I did some research into why men donate nowadays as the rules around open donation have changed. A lot of men do this as a result of their awareness of fertility issues. Be it their wife or someone in their family. Some of course do it to leave a genetic line in the world - but you cant just pop in and donate anymore and get paid. Nowadays there are so many checks and proceedures it has to be something they are willing to commit to. If I could reach out and give my donor a big hug I woudl do as I see what he is doing as one of the greatest gifts.
I didnt particuarly want to look at photos of my donor. Purely for the reason that my child will be unique and I dont want to be searching for similarities in them - but hey thats just me - everyone has very different takes on this. I used the European Sperm Bank - go online and check out their web page for some basic info. They were absolutely fantasic - within ordering and the sperm arriving at my clinic in London it took less than 24 hours. What I though t woudl be the most stressful part turned out to be the easiest!

Its an awful lot to get your head around.

As an aside - my brother in law has offered us his sperm and is willing to delay his vasectomy until we decide what to do - but unlike you I am not sure I am comfortable with that close a connection. Uncle being genetic father - it has its pros and cons but is not for me. Its funny how we can all come at this at different angles. So what I am saying is whats right for you is just that - for you. You need to find your own path through this.

http://www.fertilityfriends.co.uk/forum/index.php?topic=190482.msg2945198#msg2945198

Hope this link works - its a shortcut to all the abbreviations.

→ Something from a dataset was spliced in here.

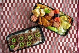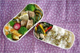 今日はお弁当がありました~。(*^▽^*)昨日、会社の夫から電話があって「あしたとあさってのお弁当お願い~」と。おお♪と思って、さっそく2日分のお弁当おかずを考えたのですが夜になって帰宅した夫、「ごめん、やっぱりあさっては要らなかった」。ありゃ~、あさっての方に夫の好物をそろえておいたのに~。もう下準備も半ば終わっちゃったし、取り替えられないなぁ。。…というわけで、今日は夫にとって残念なお弁当ですが(笑)、大きな画像とおかずの詳細はこちらです。「お弁当×さんぽねこ」うわー、久々に全消しやってもーた!!リンク張ったりしてたからちょっとの文章でも悔しいわ。

I wish you all the very best with everything - go to the donor boards as bumble says - they really are a great source of info when you are starting out.

Fingers crossed for you x


----------



## Plaid (Apr 15, 2014)

Hilly35
Thank you for replying. It sounds like you have been through a tough time! Thanks for the tips on the European Sperm Bank, I will check them out. Yes I am rather overwhelmed to be honest. I worry that my husband is just going from appointment to appointment and not really processing it all emotionally. We are already both a bit emotionally drained from talking about it, so it seems kind of easier not to. But then more and more of my friends get pregnant so easily, and with every announcement, once again, we're reminded that it's not going to happen for us without a hell of a lot of work/luck/money/sperm from someone else! 
Thanks for your support, and good luck with your split cycle! x


----------



## hilly35 (Feb 14, 2012)

Plaid, we may have a harder road to get there but just think how much more we will appreciate the outcome when we do!!! Hang in there - you will get there. Best of luck x


----------



## Calladene (Dec 26, 2012)

Hello...
We have got donar sperm from european sperm bank.
It's such a special gift .
It takes the donar 6-12 months to become a donar.
They have so many tests and counceling.
They have medical history and also family medical history mother father sister brothe grandparents and aunts and uncles.
Iv also got all family genetic reports of looks jobs ect.
They do not get paid.
I have a picture , 32 pages of medical history.
Staff impression.
A letter from him
IQ and kiersy test.
And obviously hight weight looks ects.
Xx


----------



## Audiprincess (May 7, 2012)

Hi plaid

My OH has NOA and I have PCOS so similar stories...we were given a 40% chance of finding sperm surgically and a much lower % of pregnancy resulting from ICSI 

As you can see from my signature we were sucessful 3rd time around, we also considered Doner sperm at various stages however we wanted to make sure that we had exhausted all options with OH sperm first, but you need to do what is right for you as a couple, and it doesn't hurt to have all the information to hand to help you make the decision, one session of counselling def helped me and OH to understand more about the process and the implications.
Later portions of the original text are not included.